The low-carb diet craze has changed the way many people look at nutrition and how they eat. We learned there is such a thing as too much pasta and other starchy staples. At the beginning of the low-carb craze, the kind and amount of allowed fats was not addressed, but now we know the amount of saturated fats should be no more than 20% of calorie intake. Fat is necessary to our bodies and give us energy, but the kind and how much is important, so understand them and use them appropriately. Unsaturated, monounsaturated and polyunsaturated are the good fats. Here’s how they work.

Difficulty: Easy
Instructions
  1. Step 1

    Know your monounsaturated fats. Some examples of monounsaturated are olive oil, peanut oil, and canola oils. These oils are identified by the way they take a liquid state at room temperature but solidify in the fridge. Avocados and many nuts are good examples too. Use a slice of avocado on your sandwich rather than cheese.

  2. Step 2

    Add polyunsaturated oils. Polyunsaturated fats maintain their liquid form in or out of the refrigerator, including sunflower oil and safflower oil. Use safflower oil instead of vegetable oil when cooking.

  3. Step 3

    Picking the richest of oils and fats. Omega-3 fatty acids are polyunsaturated fats that are commonly found in seafood like salmon and herring.
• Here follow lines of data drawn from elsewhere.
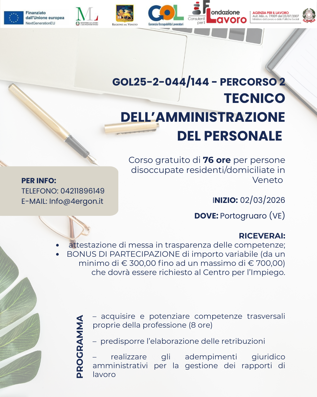 COD. GOL25-1-044/144 – Tecnico dell’amministrazione del personale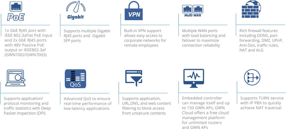 Това е автоматичен превод. Оригиналния текст може да видите тукСерията GWN7000 са Multi-WAN гигабитови VPN рутери с вградени защитни стени , които позволяват на бизнеса да изгражда всеобхватни кабелни, безжични и VPN мрежи за едно или много места.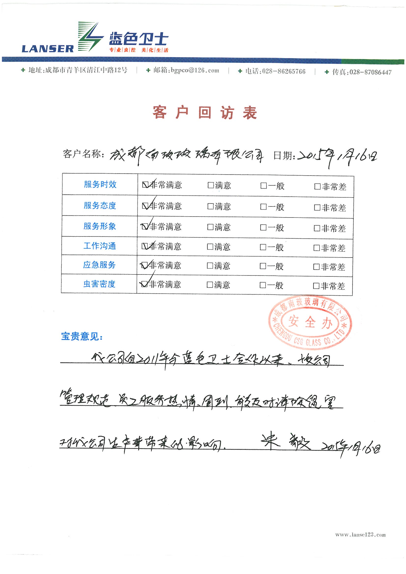 南玻玻璃對(duì)我公司服務(wù)質(zhì)量的評(píng)價(jià):
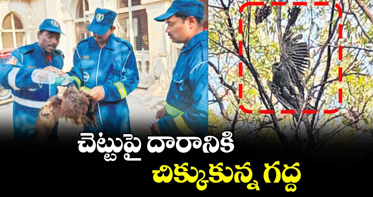ఓల్డ్సిటీ, వెలుగు: చెట్టుపై దారానికి చిక్కుకున్న గద్దను ఫైర్ అధికారులు చాకచక్యంగా కాపాడారు. గురువారం మధ్యాహ్నం హైకోర్టు గేట్ నంబర్ 3 వద్ద ఉన్న వేపచెట్టుపై గద్ద వాలింది. అక్కడే ఉన్న పతంగులు ఎగురవేసేందుకు ఉపయోగించే దారంలో ఆ పక్షి చిక్కుకుంది. ఇది గమనించిన అగ్నిమాపక ఉద్యోగులు నర్సింగ్ యాదవ్, ఆర్.మహేశ్ రాథోడ్, కె.కొమ్రెల్లి చాకచక్యంగా చెట్టుపైకి ఎక్కి ఆ దారాన్ని తెంపేసి దానిని రక్షించారు. గద్దకు నీళ్లు తాగించి గాలిలో వదిలేశారు.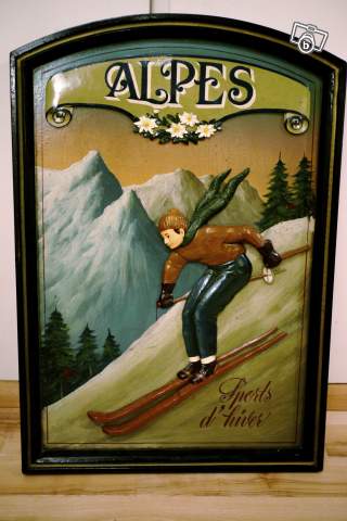 A première vue, ce bas-relief célèbre l’ivresse des sports d’hiver dans nos montagnes d’Europe, comme le suggère son titre sobre : « Alpes ».

Flax and walnuts are also good sources. Sprinkle some flax over your cereal or in your protein shake.

  4. Step 4

    Know which oils to avoid. The fats to avoid are the animal products such as red meat, milk, cheese and butter that are sources of saturated fats. Limit the cookies, baked goods and fried foods to keep trans fat--the other bad fat--low. While you’re doing all the limiting, don’t forget to load up on fruits, veggies and all the good stuff to make the most of your nutritional plan.

Tips & Warnings
  • The oils you add to your diet need to be oils rich in the good vitamins and nutrients.
  • Never choose hydrogenated oils.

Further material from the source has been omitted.